Solange hier noch keine sich eine server version gehohlt hat wird hier auch keiner was dazu sagen können, also heißt es erst mal noch etwas warten und tee trinken


----------



## Sash (17. November 2008)

kommt drauf an wieviel geld du ausgeben willst. willst du power und hast genug kohle, dann intel. willst du einen ticken weniger power aber verhältnismäßig sehr viel mehr geld sparen, dann AMD.
ich würde mir einen intel holen, hatte mein leben lang nur intel. ich werde bald aufrüsten, aber nur cpu und graka, wahrscheinlich q9650 als cpu. mein motherboard ist noch gut und daher wechsel ich das nicht, was nötig wär für die neuen nehalem.


----------



## D!str(+)yer (17. November 2008)

Sash schrieb:


> kommt drauf an wieviel geld du ausgeben willst. willst du power und hast genug kohle, dann intel. willst du einen ticken weniger power aber verhältnismäßig sehr viel mehr geld sparen, dann intel.



 eher AMD


----------



## Fransen (17. November 2008)

Bei mir steht es quasi schon fest.
Ein Deneb mit 2,8/3,0 Ghz und ein AM2+ Board mit 790 GX Chipsatz.
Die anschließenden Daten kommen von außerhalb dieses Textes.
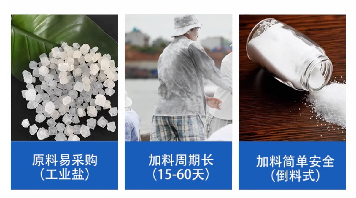 采用負(fù)壓抽吸出藥,結(jié)構(gòu)合理,可靠性強(qiáng),故障率低,使用壽命長(10年以上)。自動(dòng)控制,設(shè)備運(yùn)行可與水泵等設(shè)備聯(lián)動(dòng)啟停,,控制方式簡單實(shí)用。以氯化鈉為原料,通過電極和隔膜通直流電后產(chǎn)生二氧化氯水溶液體積小(占地面積0.5-1.2平方米)、重量輕、操作簡單、維修方便。
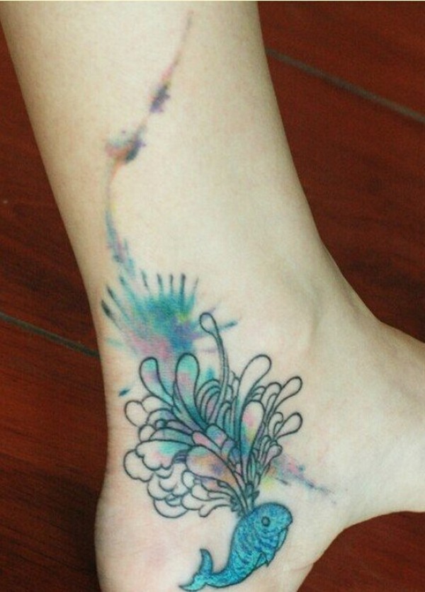时尚脚踝漂亮彩色泼墨金鱼纹身图片图片

Ich würde eher zu AMD greifen, da imo/bzw. Vorraussichtlich bessers P/L, günstigere MoBo's und du kannst noch DDR2 Ram verwenden!!!


----------



## Uziflator (17. November 2008)

> Willst du einen ticken weniger Power aber verhältnismäßig sehr viel mehr geld sparen, dann Intel.


Sinn?



> mein motherboard ist noch gut und daher wechsel ich das nicht, was nötig wär für die neuen nehalem.



JA!


----------



## Sash (17. November 2008)

D!str(+)yer schrieb:


> eher AMD


 ups, schon geändert, thx.


----------



## $Lil Phil$ (17. November 2008)

Eine Option mit "Weiß nicht" wäre noch sinnvoll gewesen. Für die, die Deneb-Benchmarks abwarten wollen.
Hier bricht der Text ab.